Clay Holmes made the kind of slow walk off the Yankee Stadium mound he isn’t used to experiencing.
The All-Star closer has been among the best relievers in baseball this year, with only a couple of hiccups of late, but he added one more Sunday.
Called on to protect a one-run lead against the Royals, Holmes imploded spectacularly in the ninth inning, allowing a monstrous three-run homer by Salvador Perez that sent the Yankees to an 8-6 loss in front of a stunned Stadium crowd of 45,341.
“It’s not a good feeling,” said Holmes, who hadn’t allowed a home run in 45 previous innings this season. “The sinker control wasn’t its best today.”
Before that, the Yankees (69-34) seemed a lock for their MLB-leading 30th comeback victory after Anthony Rizzo’s 418-foot three-run homer deep into the second deck in rightfield made it 6-4 in the seventh.
But Ron Marinaccio — who had held opposing hitters to a 1-for-57 performance during 19 straight scoreless innings entering the game — allowed Hunter Dozier’s 420-foot homer to leftfield leading off the eighth to make it 6-5. Two more Royals reached in the inning, but Marinaccio got Nick Pratto to ground into an inning-ending double play.
Holmes, 17-for-19 in saves with a 1.20 ERA coming into the day, walked Whit Merrifield with one out in the ninth and hit Bobby Witt Jr. Perez then jumped on a 1-and-2 sinker up in the strike zone and drove the ball 441 feet to center onto the net above Monument Park. His 13th homer shocked the crowd — not to mention the home dugout — and gave the Royals an 8-6 lead.
After retiring Dozier, Holmes was pulled by Aaron Boone and trudged to the dugout.
“Perez was able to elevate a sinker. You don’t see many righties do that against him,” Boone said. “Probably didn’t quite have the bite on the sinker that he normally does, but a really good power hitter caught him. One that you’re not going to see very often.”
Holmes lamented the walk and hit batsman more than the wayward sinker. “[That] can’t happen,” he said.
DJ LeMahieu, whose two-run homer in the fifth pulled the Yankees within 4-3, singled with one out in the ninth against righty Taylor Clarke. Aaron Judge, with nine homers in his previous nine games and an MLB-best 42 coming into the day, battled Clarke to a 3-and-2 count and drew a roar from the crowd when he lifted a fairly well-hit fly ball to right for the second out. Rizzo walked, putting the tying run at first, but Gleyber Torres lined to center to end it.
Jordan Montgomery, though not as bad as last week against the Mets, still was not especially good for a second straight outing.

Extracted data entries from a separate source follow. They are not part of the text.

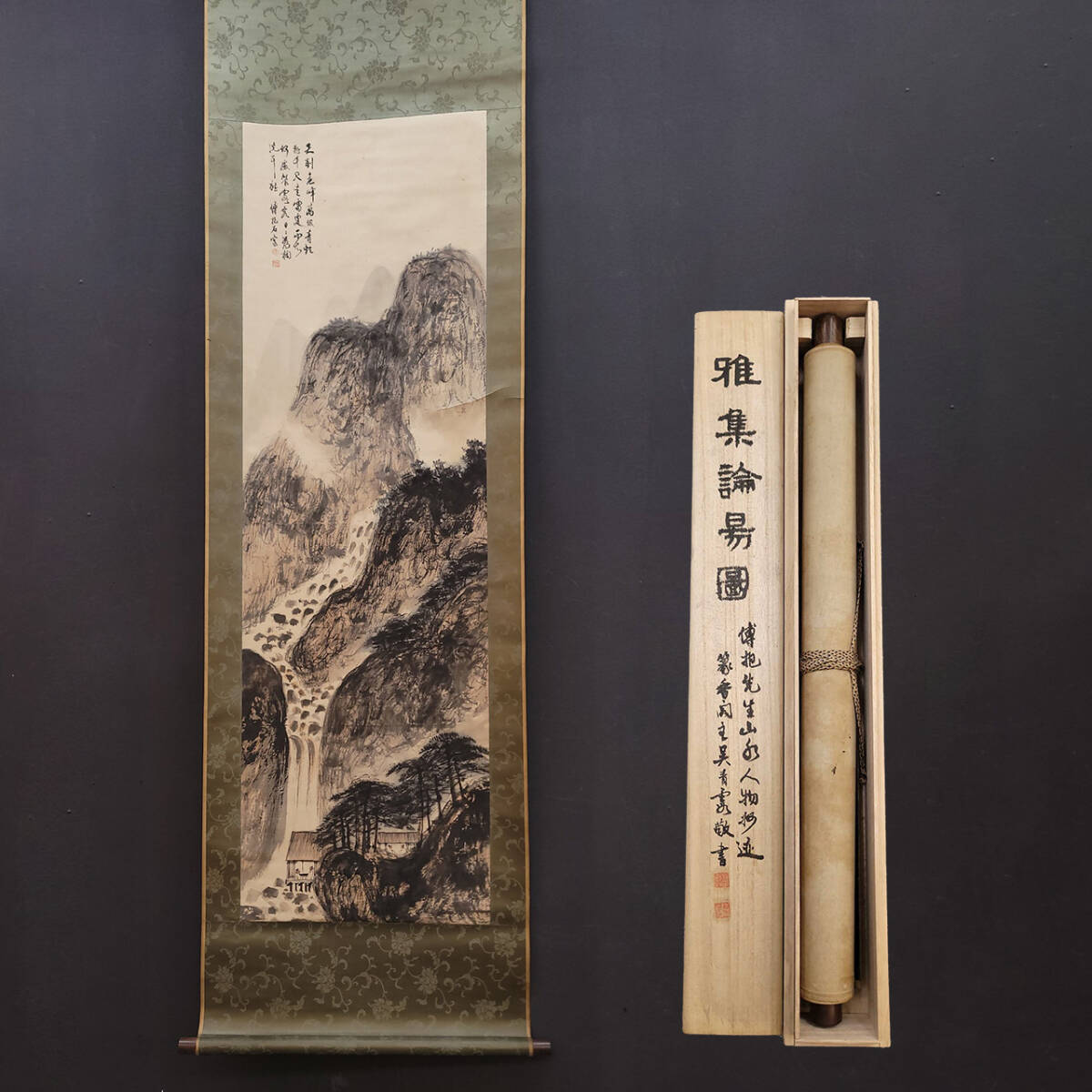 - 古美術 掛け軸 中国・近現代 「傅抱石書」 紙本 【雅集論易図】 立軸 書道 巻き物 木箱付 真筆逸品 肉筆保証 唐物 古画 LT-2408154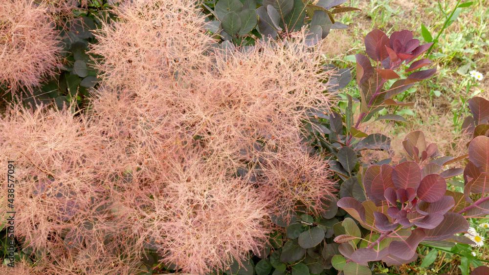 Branch with the dark red leaves and the inflorescences of plant with called Cotinus coggygria of variety Royal Purple.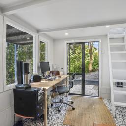 Downstairs there is a workshop that would be perfect for an artist's studio, as well as a laundry and storage area. Quality cedar cladding and timber window joinery give the house a timeless appeal.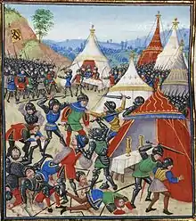 ![]() The Battle of Cassel on 23rd August 1328 by Hendrik Scheffer, 1837, Galerie des Batailles, Palace of Versailles | |||||||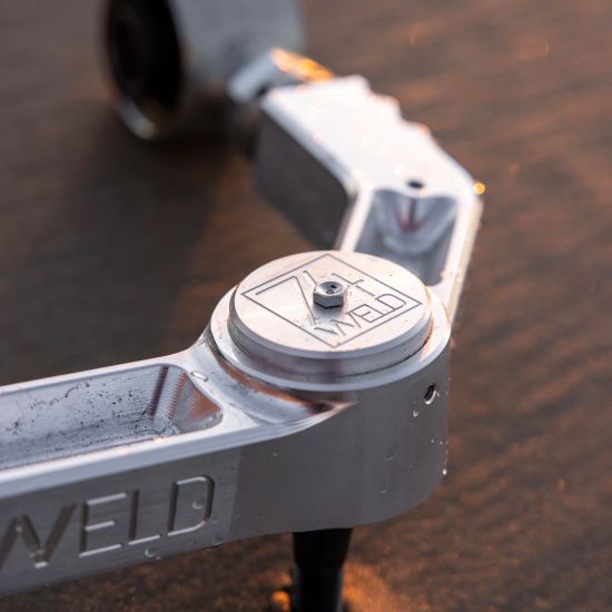 The 74Weld 5-Axis Upper Control Arms deliver improved performance while maintaining OEM driving characteristics. Each arm begins as a block of 6061 aluminum and is fully CNC-machined on a 5-axis mill to achieve exact geometry (including upper ball joint angle), precision fit, and a premium finish that stands apart.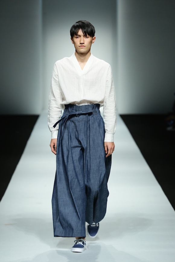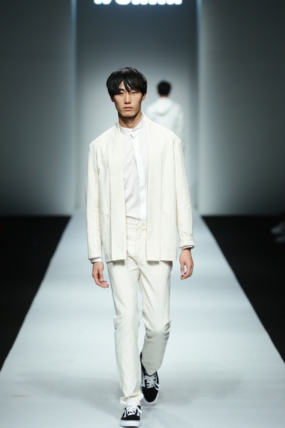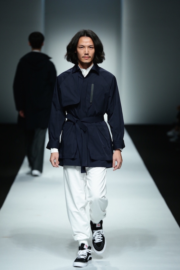 设计师周晓雯这一季的设计,从旅行时的切身感受中获取灵感,用廓形剪裁的外套、松弛的阔腿裤,不同系带方法的长风衣,有防盗口袋的防雨外套等设计,表现“唐宋风度、翩翩公子”这一主题。另外,在面料选择上,牛仔以及防水、透气的功能型面料也考虑到了春夏季穿着的实际需求。
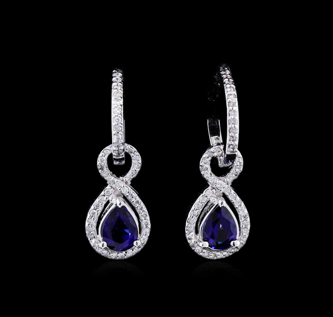 One pair of earrings featuring: 14KT white gold weighing 7.75 grams containing two blue sapphires with a total weight of 1.88ct and diamonds with a total weight of 0.50ct.

The lefthander retired 11 straight at one point but lost it in a four-run fifth, forcing Boone to go to his bullpen far sooner than he would have liked.
Montgomery’s streak of 11 straight retired ended with a walk to Vinnie Pasquantino leading off the fifth. He walked Michael A. Taylor and then allowed a single by MJ Melendez, a two-run single by Pratto and an RBI double by Maikel Garcia. Merrifield’s RBI groundout made it 4-0.
“Lost the strike zone on those two hitters,” Montgomery said of the back-to-back walks.
The Yankees answered with three runs in the bottom of the inning. Matt Carpenter, who went 2-for-3 with two doubles to improve to 34-for-101 (.337) in 29 starts as a Yankee, doubled and scored on Kyle Higashioka’s one-out single. LeMahieu’s two-run shot made it 4-3, and after Rizzo’s three-run homer, another comeback victory appeared a good bet, but a suddenly shaky bullpen kept it from happening.
The Yankees, who became heavily involved in the relief pitching market after bullpen stud Michael King went down with a season-ending elbow injury July 22 in Baltimore, no doubt will be redoubling those efforts before Tuesday’s deadline.
“If we’re able to do something, I’m sure I’ll be excited about it,” Boone said of any trade acquisitions, particularly in the pitching department. “But my focus is on who we have right now. We’ve been one of the best teams, if not the best team, in the league, and we’ll continue to be that whatever happens over the next 48 hours. And that’s where my focus lies.”